5 minute read

Facing Change

Change is happening at a breakneck pace. Are we keeping up?

By Scott Swinton, CCIP

Did you know that the fax first found traction in the 1860s? Yes, the fax – that marvel of technology that takes a printed page, stuffs it into a tiny phone line, and then magically prints it on another piece of paper as it is pushed out of a machine half a world away - first emerged in the 1800s. The technology slowly gained momentum until the 1930s when AT&T found viable commercial uses for the technology. In World War II the US military began investing heavily in faxes for transmitting maps and other images. By the 1980s the fax machine was ubiquitous in offices around the world.

And then there were none.

Like boy bands and dinosaurs, the only remnants of the fax machine today are curious artifacts. Back in the early 2000s, when I was just a kid learning the HOA reconstruction ropes, a wizened old manager sternly admonished me that email was far too unreliable. He would only send me work orders via fax. I thought him wise and invested in a fax machine.

Technological Marvels Become Relics

That manager has moved on, and the fax machine has moved aside. Email has become arguably the most reliable communication medium we use. Change, the only constant, is still plaguing the stalwart among us. If you remember the 1990s heyday of the fax machine, you might recall it was hard to imagine a more concrete mode of transmitting documents. Digital transmission just felt too squishy and unreliable.

What go-to technology is now about to become a relic? What standards are fossilizing before our eyes and against our will? What systems will no longer seem quite so clever or logical in just a couple of years?

And frankly, the more poignant question is how will you and I respond to those changes as they come? How will that person you are about to hire respond when you roll out a new corporate program? How will you respond to the feedback?

Accepting Change

Change is as inevitable as it is cliché. We change, we adapt, and then we do it again and again. Yet, each time we face change – it’s a new challenge to accept it. Each time we introduce new systems to team members, we tense in anticipation of the blowback. Each time you suggest changes to a supervisor…yep, the same tense anticipation.

The greatest social experiment, colloquially known as the 'HOA,' is one of great change and opportunity.

The CID industry is in transition like never before. There has never been so much demanded from owners and managers. Training new managers is getting harder. Life as a manager is more challenging. The insurance carrier just dropped your building, the decks were fine yesterday, but now, evidently, they’re dangerous, and oh yeah, the attorney just let you know that you’ve been misapplying CC&Rs for the last 30 years, and your homeowners are now personally responsible to repair, well …you fill in the blank.

There’s a lot of change in the industry, and not everyone is responding well.
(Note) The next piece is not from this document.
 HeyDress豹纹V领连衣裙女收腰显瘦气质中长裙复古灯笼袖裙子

Some managers are packing up and moving on, leaving a mentorship vacuum. Homeowners are panicking and refusing to spend or raise money. The old familiar paths to repairs, insurance renewals, assessments, and certifications are getting treacherous with all the red tape and legal landmines. Tempers flare at unusually wellattended board meetings. Change is in the air, and sometimes it smells like the smoke from a dozen torches.

Responding to Change

How will you respond to the changes? Following are some tools I suggest for responding to change:

1. Stop saying, “I wish it weren’t so.” Living in the past is like walking backward. You’ll never see opportunity when it pops up, trample it flat when it does, then scoff at the wreckage as proof that there was never any hope of its success. Face the next treacherous board meeting with an eye to opportunity. Some very frustrated owners may just have the solution the community is looking for.

2. Keep learning! Henry Ford is quoted as saying, “Anyone who stops learning is old, whether at 20 or 80. Anyone who keeps learning stays young.” Get credentials that count. Study the laws for yourself. Be an expert.
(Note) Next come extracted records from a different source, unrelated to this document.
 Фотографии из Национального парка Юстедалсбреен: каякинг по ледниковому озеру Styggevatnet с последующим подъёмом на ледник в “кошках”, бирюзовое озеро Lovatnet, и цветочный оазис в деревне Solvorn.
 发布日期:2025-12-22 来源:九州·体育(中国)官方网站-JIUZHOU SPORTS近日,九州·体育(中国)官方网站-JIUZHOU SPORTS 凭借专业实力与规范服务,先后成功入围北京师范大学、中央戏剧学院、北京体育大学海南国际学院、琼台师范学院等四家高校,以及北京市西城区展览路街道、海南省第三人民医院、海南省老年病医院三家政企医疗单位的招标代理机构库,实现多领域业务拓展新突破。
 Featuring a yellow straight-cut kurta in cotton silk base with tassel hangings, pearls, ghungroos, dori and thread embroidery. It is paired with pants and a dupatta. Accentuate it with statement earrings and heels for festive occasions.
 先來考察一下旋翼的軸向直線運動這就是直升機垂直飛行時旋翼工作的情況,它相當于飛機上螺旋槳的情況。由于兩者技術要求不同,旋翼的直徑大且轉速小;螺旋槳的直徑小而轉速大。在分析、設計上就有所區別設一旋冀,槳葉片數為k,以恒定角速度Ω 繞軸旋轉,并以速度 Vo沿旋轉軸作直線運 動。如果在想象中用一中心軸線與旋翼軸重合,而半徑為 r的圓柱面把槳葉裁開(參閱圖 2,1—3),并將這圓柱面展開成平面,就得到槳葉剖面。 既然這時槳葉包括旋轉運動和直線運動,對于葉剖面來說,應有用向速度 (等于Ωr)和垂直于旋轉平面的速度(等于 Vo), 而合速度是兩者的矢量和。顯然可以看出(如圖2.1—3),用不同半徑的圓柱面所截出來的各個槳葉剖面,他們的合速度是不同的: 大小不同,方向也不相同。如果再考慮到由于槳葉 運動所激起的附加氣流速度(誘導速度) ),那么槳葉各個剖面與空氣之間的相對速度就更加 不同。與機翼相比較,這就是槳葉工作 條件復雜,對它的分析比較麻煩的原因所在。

3. Don’t expect stability. Nick Tasler, in this article published on The Harvard Business Review on September 21, 2016, commented that “ In the late 1970s, a researcher at the University of Chicago named Salvatore Maddi began studying employees at Illinois Bell. Soon after, the phone industry was deregulated, and the company had to undergo a lot of changes. Some managers had trouble coping. Others thrived. What separated the two groups?

The adaptive leaders chose to view all changes, whether wanted or unwanted, as an expected part of the human experience rather than as a tragic anomaly that victimizes unlucky people. Instead of feeling personally attacked by ignorant leaders, evil lawmakers, or an unfair universe, they remained engaged in their work and spotted opportunities to fix longstanding problems…”
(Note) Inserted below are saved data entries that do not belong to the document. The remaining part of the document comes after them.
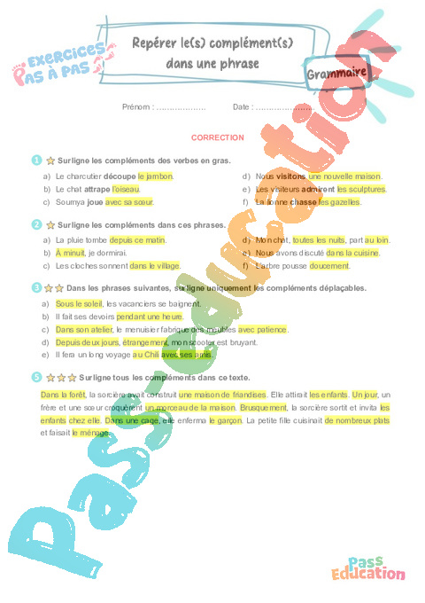 Correction Repérer le(s) complément(s) dans une phrase – CE2 – Mémo + Exercices Pas à Pas rtf
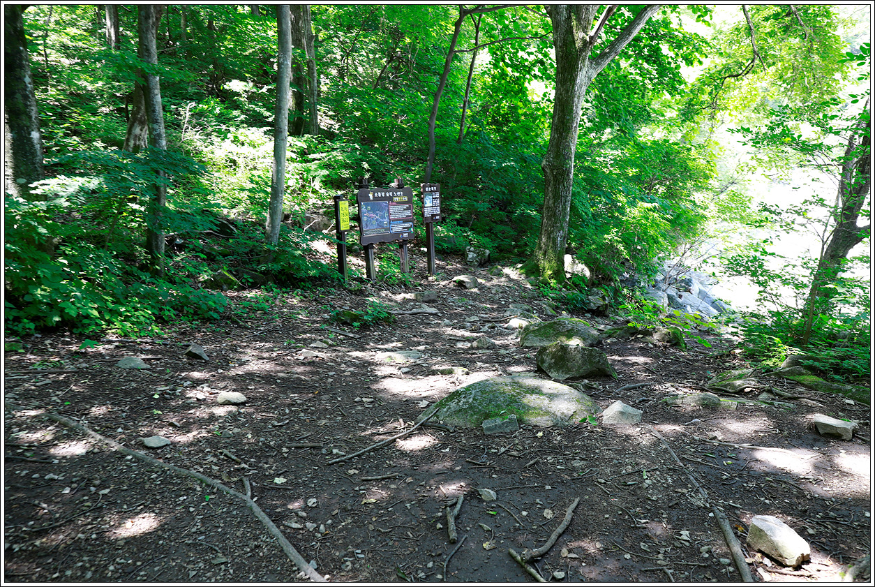 ▼ 생태체험장 방향으로 바로 진행하지 않고 왼쪽으로 접어들면 이와 같은 공터가 나오고 칡소폭포의 안내문이 세워져 있음을 보게 된다.
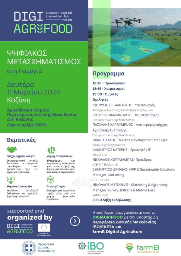 Η Εκδήλωση θα λάβει χώρα τη Δευτέρα 11 Μαρτίου στις 18:30 στην πόλη της Κοζάνης, στο αμφιθέατρο της Περιφέρειας Δυτικής Μακεδονίας στη ΖΕΠ Κοζάνης. Την εκδήλωση υποστηρίζουν η Περιφέρεια Δυτικής Μακεδονίας, το ΕΚΕΤΑ / iBO και η εταιρεία farmB.
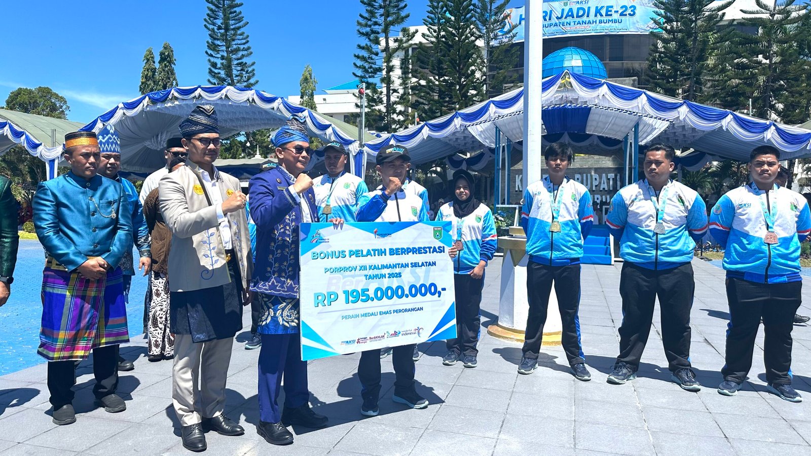Penyerahan bonus dilaksanakan dalam momen upacara Hari Jadi (Harjad)Tanah Bumbu ke -23 tahun 2026 di halaman Kantor Bupati Tanah Bumbu, Rabu (8/24/26).
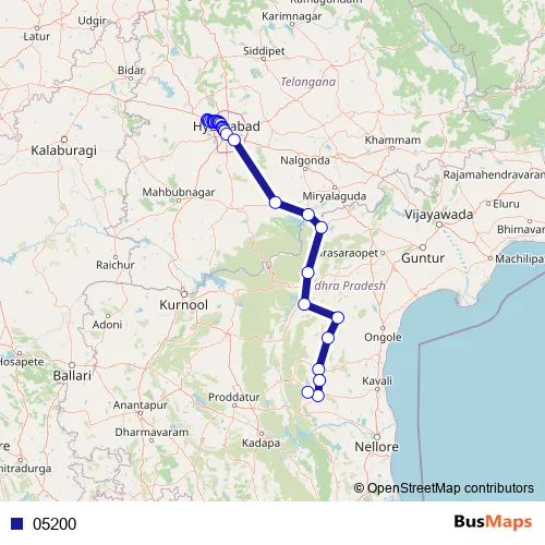 RC Puram BHEL - Beeramguda Rd Mumbai Highway - Chandanagar - RC Puram BHEL Rd Mumbai Highway - Allwyn - Gangaram Road Mumbai Highway - Miyapur - Allwyn Cross Road Mumbai Highway - Nizampet - Miyapur Road Mumbai Highway - Service Road - Vivekananda Nagar Road - Moosapet Road - Mumbai Highway - Mumbai Highway - Sanjeeva Reddy Nagar Main Road - Ameerpet Road - Panjagutta Main Road - Somajiguda Road - Panjagutta Main Road - Telephone Bhavan Road - Hyderabad - Nagarjuna Sagar Road - APSRTC Bus Station Inner Road - Ongole - Nandyal Road - NH167BG
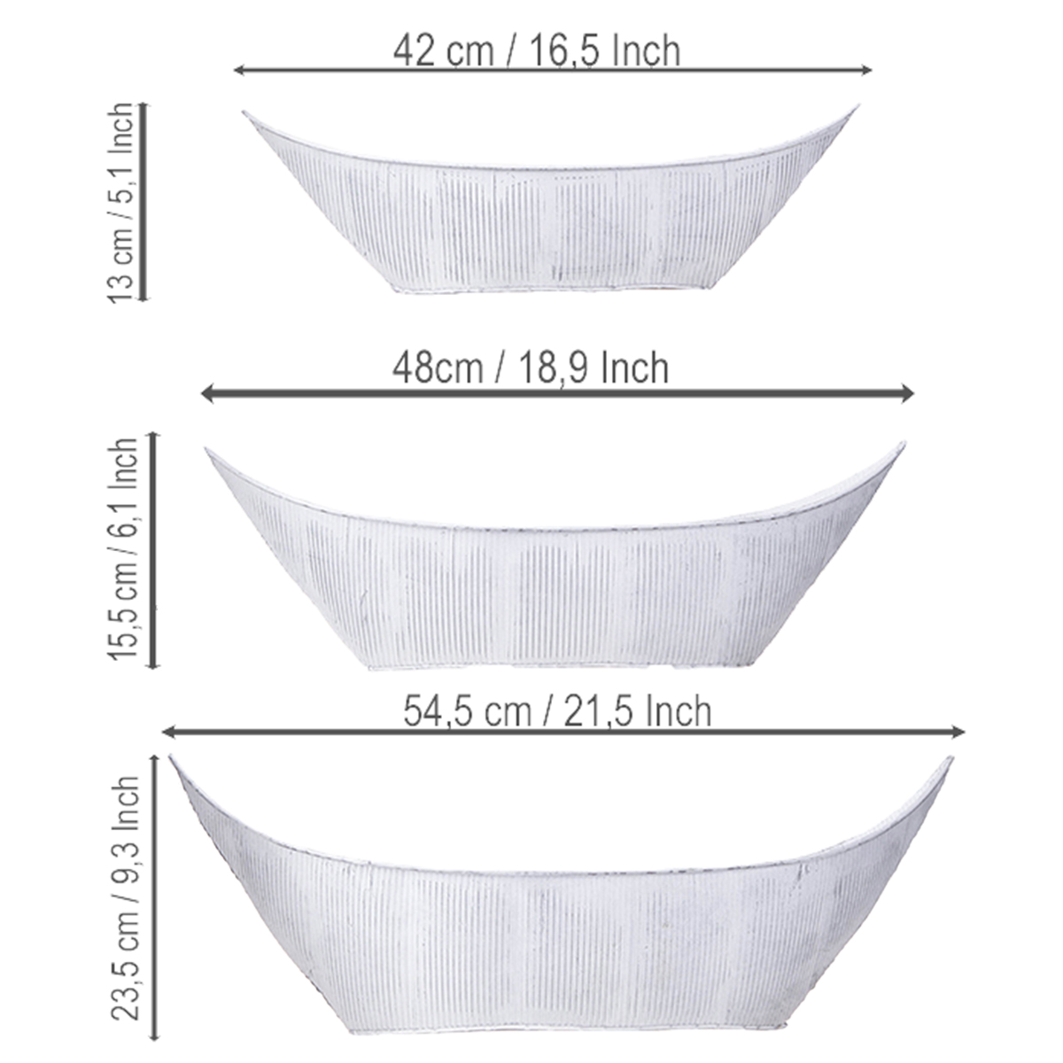 Plant pot, boat-shaped, metal, white/silver, 54.5/48/42cm, set of 3
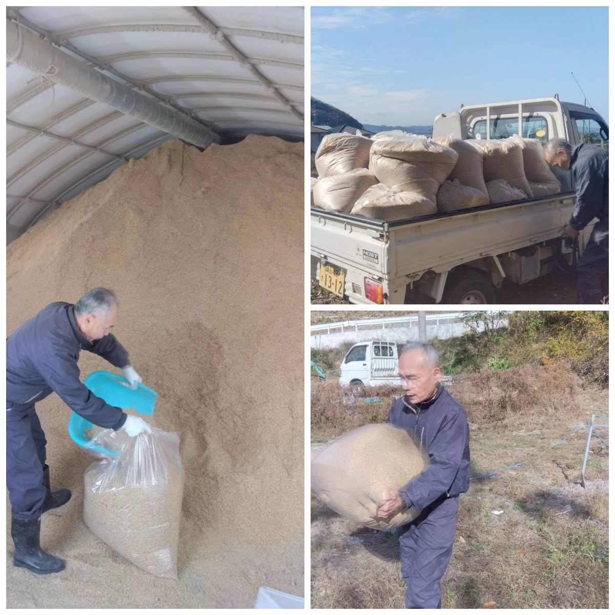 本日は、菜園の冬支度のために、協力者の農家さんから、もみ殻を頂けるとのことで、軽トラで伺いました。

No matter how you face change, one thing is clear: you’re going to face change. This epoch of the greatest social experiment, colloquially known as the ‘HOA,’ is one of great change and opportunity.

Will you perceive changes as tragic anomalies that trip you up and frustrate your progress, or will you hit the books, face challenges with aplomb, and expect success? Your career may depend on your answer.

Scott Swinton, CCIP, is the General Contractor and Certified Construction Manager at Unlimited Property Services, Inc. He has many years of lessons learned under his belt in the CID industry.